The President of the UN General Assembly has informed member states in a letter that a meeting will be held on Thursday to address the conflict initiated by the attack carried out by Hamas militants on Israel.
The Security Council has so far failed to agree on a resolution concerning the war, but a number of states — including Jordan on behalf of an Arab group of nations, Russia, Syria, Bangladesh, Vietnam and Cambodia — formally requested General Assembly President Dennis Francis to schedule the meeting.
Last week, the UN Security Council, regularly divided on the Israeli-Palestinian issue, rejected a Russian draft resolution calling for a “humanitarian pause.”
Only five of the 15 member states had supported the text, which condemned all violence against civilians and all terrorist acts, but did not name Hamas, an unacceptable omission to the United States, the United Kingdom and France.

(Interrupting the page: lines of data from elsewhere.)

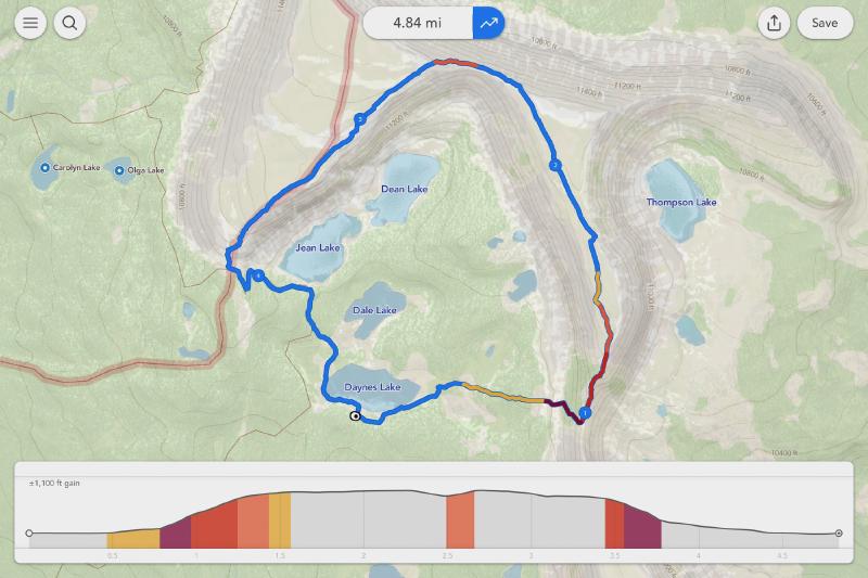 The next day we decided to hike the rim above Four Lakes Basin taking this route:
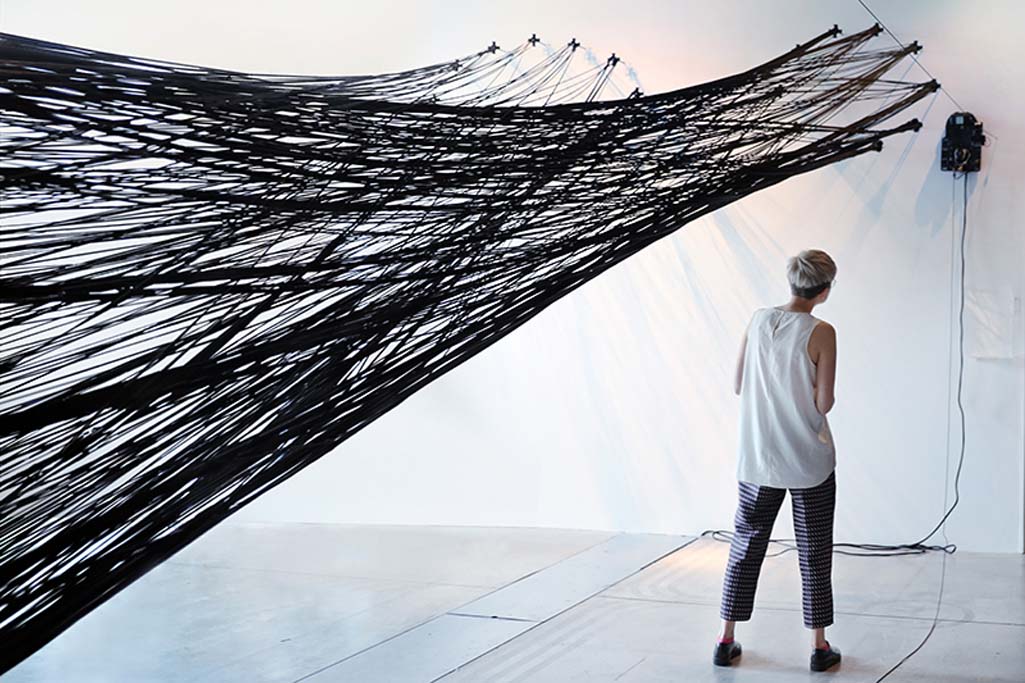 Zwinne roboty, które wspinają się po ścianach i sufitach pracują zgodnie ciągnąc włókniste filamenty w przestrzeni. W ten sposób powstaje misterna struktura. Według architekta i dyrektora instytutu ICD Achima Mengesa to dopiero początek odkrywania architektonicznego potencjału robotów. Za główną zaletę tej metody uznał on rozszerzenie możliwości projektowania. W praktyce mniejsze roboty są tańsze i pracują bardziej efektywnie w porównaniu z dużym robotem. Tworzą one sprawny i niezawodny system.
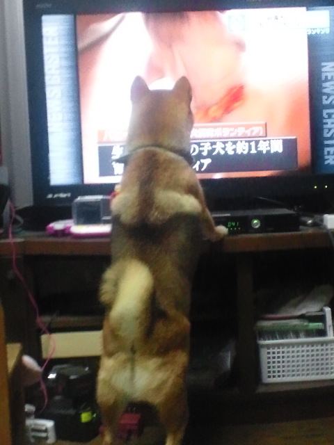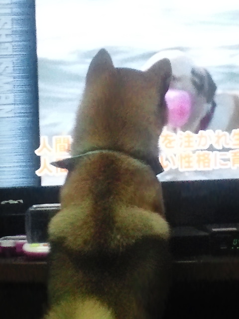 テレビに向かって、ガウガウやってた柴犬さくら。

Washington then vetoed a second resolution put forward by Brazil as the text did not mention Israel’s right to defend itself.
Twelve out of 15 Council members voted in favor of that resolution, which also condemned the “heinous terrorist attacks by Hamas,” while Russia and the United Kingdom abstained.
The United States was the only vote against, but as one of the body’s five permanent members its vote counts as a veto.
The Security Council will meet to discuss the issue Tuesday ahead of the General Assembly’s gathering Thursday at 10:00 am (1400 GMT).